Although hepatocellular dysfunction occurs early after the onset of sepsis, the mechanism responsible for this remains unknown. We tested the hypothesis that the reduction in Kupffer cell (KC) numbers prior to the onset of sepsis prevents the occurrence of hepatocellular dysfunction and reduces levels of the proinflammatory cytokines IL-1beta and IL-6 during the early stage of polymicrobial sepsis.

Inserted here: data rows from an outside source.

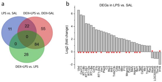 (a) Common genes among DEGs in LPS vs. SAL and DEX + LPS vs. DEX + SAL (22 genes), as well as DEX + LPS vs. DEX + SAL and DEX + LPS vs. LPS (84 genes). (b) Expression profiles of DEGs for LPS vs. SAL. Data were expressed as log2 transformation of fold changes. Asterisks indicate 22 DEGs common for LPS vs. SAL and DEX + LPS vs. DEX + SAL.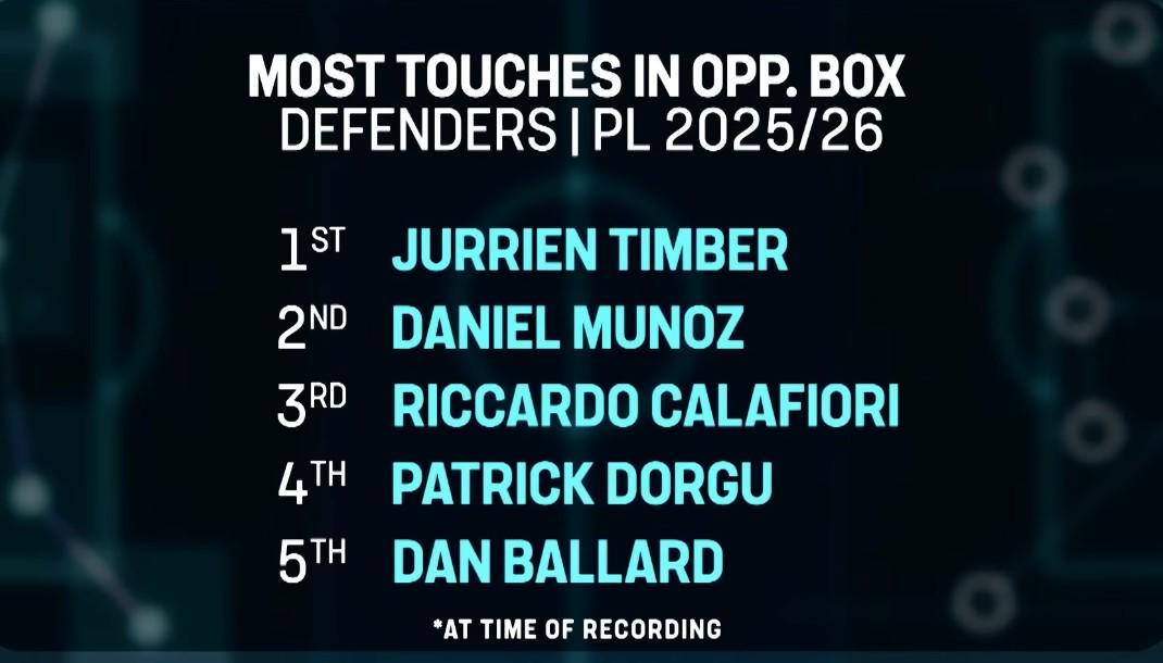 你在禁區(qū)內(nèi)的觸球次數(shù),在英超后衛(wèi)中也名列前茅。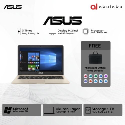 Laptop Asus 14 Inch Intel Celeron AMD Ram 8GB HDD 1TB Windows 10 Secon Mulus Bergaransi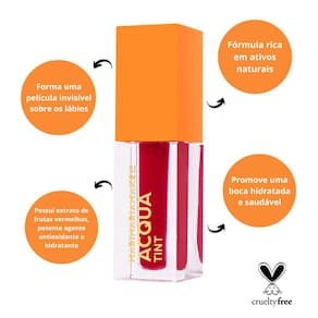 O Acqua Tint possui todos os benefícios de um cuidado labial formando uma película invisível sobre os lábios. Fórmula rica em ativos naturais, possui extrato de frutas vermelhas, potente agente antioxidante e hidratante, além do pantenol e extrato de aloe vera, que promovem uma boca hidratada e saudável.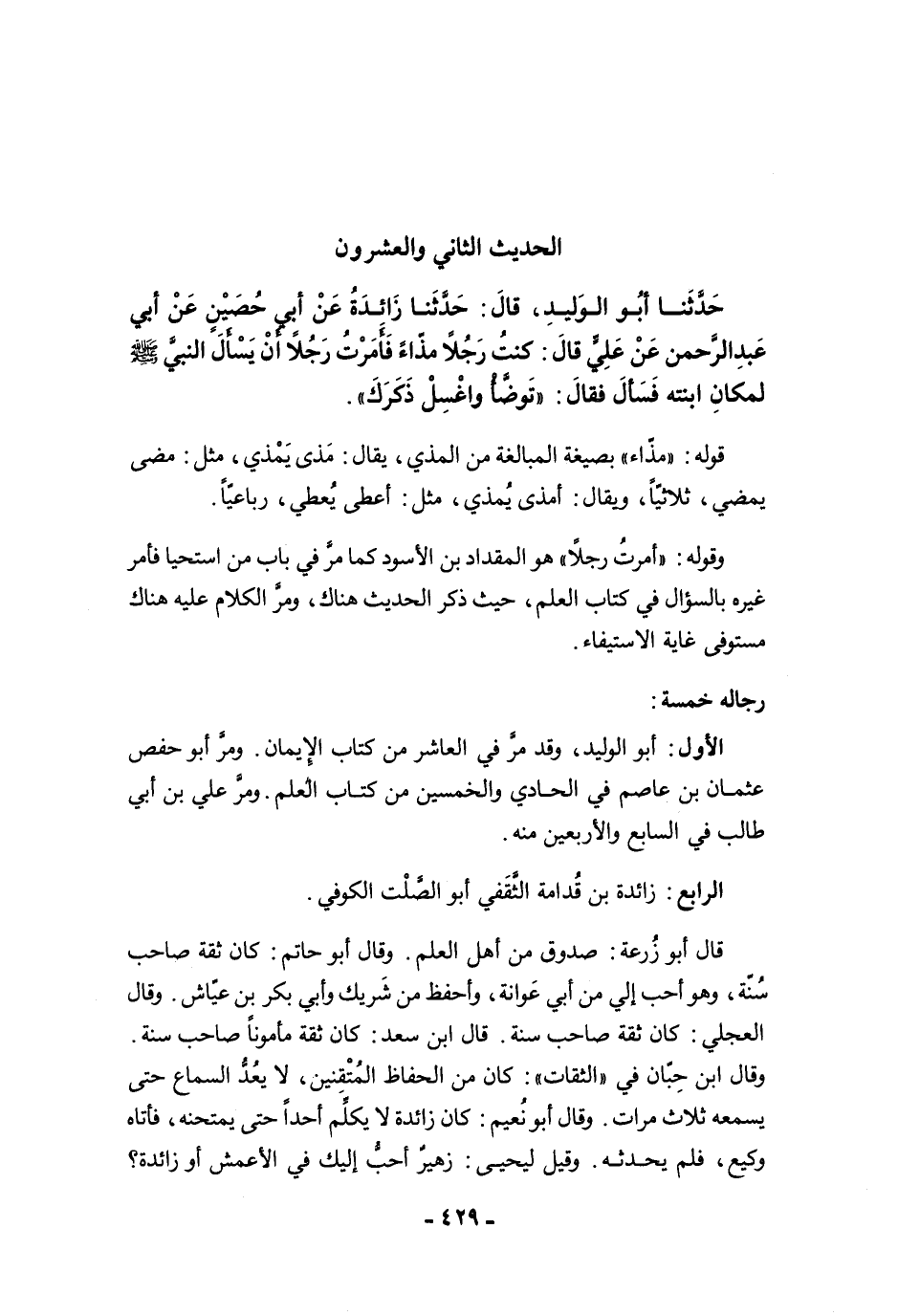 حَدَّثَنَا أَبُو الْوَلِيدِ، قَالَ: حَدَّثَنَا زَائِدَةُ عَنْ أَبِي حَصِينٍ عَنْ أَبِي عَبْدِ الرَّحْمَنِ عَنْ عَلِيٍّ قَالَ: كُنْتُ رَجُلاً مَذَّاءً فَأَمَرْتُ رَجُلاً أَنْ يَسْأَلَ النَّبِيَّ -صلى الله عليه وسلم- لِمَكَانِ ابْنَتِهِ فَسَأَلَ فَقَالَ: "تَوَضَّأْ وَاغْسِلْ ذَكَرَكَ".

The number of KC in male adult rats was reduced in vivo by intravenous injection of gadolinium chloride 48 h before the induction of sepsis. KC-reduced and KC-normal rats were then subjected to cecal ligation and puncture (CLP, i.e., a model of polymicrobial sepsis) or sham operation followed by administration of normal saline solution. At 5 h after CLP (the early stage of sepsis), hepatocellular function [i.e., the maximal velocity of clearance (Vmax) and efficiency of active transport (Km) of indocyanine green] was measured using a fiber-optic catheter and in vivo hemoreflectometer. Whole blood was drawn to measure plasma levels of IL-1beta and IL-6 using enzyme-linked immunosorbent assays.

Hepatocellular function was depressed and the circulating levels of IL-1beta and IL-6 were increased significantly at 5 h after CLP. KC reduction by prior administration of gadolinium chloride, however, prevented the occurrence of hepatocellular dysfunction and the upregulation of IL-1beta and IL-6.

The KC-derived proinflammatory cytokines IL-1beta and IL-6 appear to be directly or indirectly responsible for producing hepatocellular dysfunction during early sepsis. Thus, pharmacologic agents that downregulate the production of one or both of these proinflammatory cytokines in the liver may be useful for maintaining hepatocellular function during the early stage of sepsis.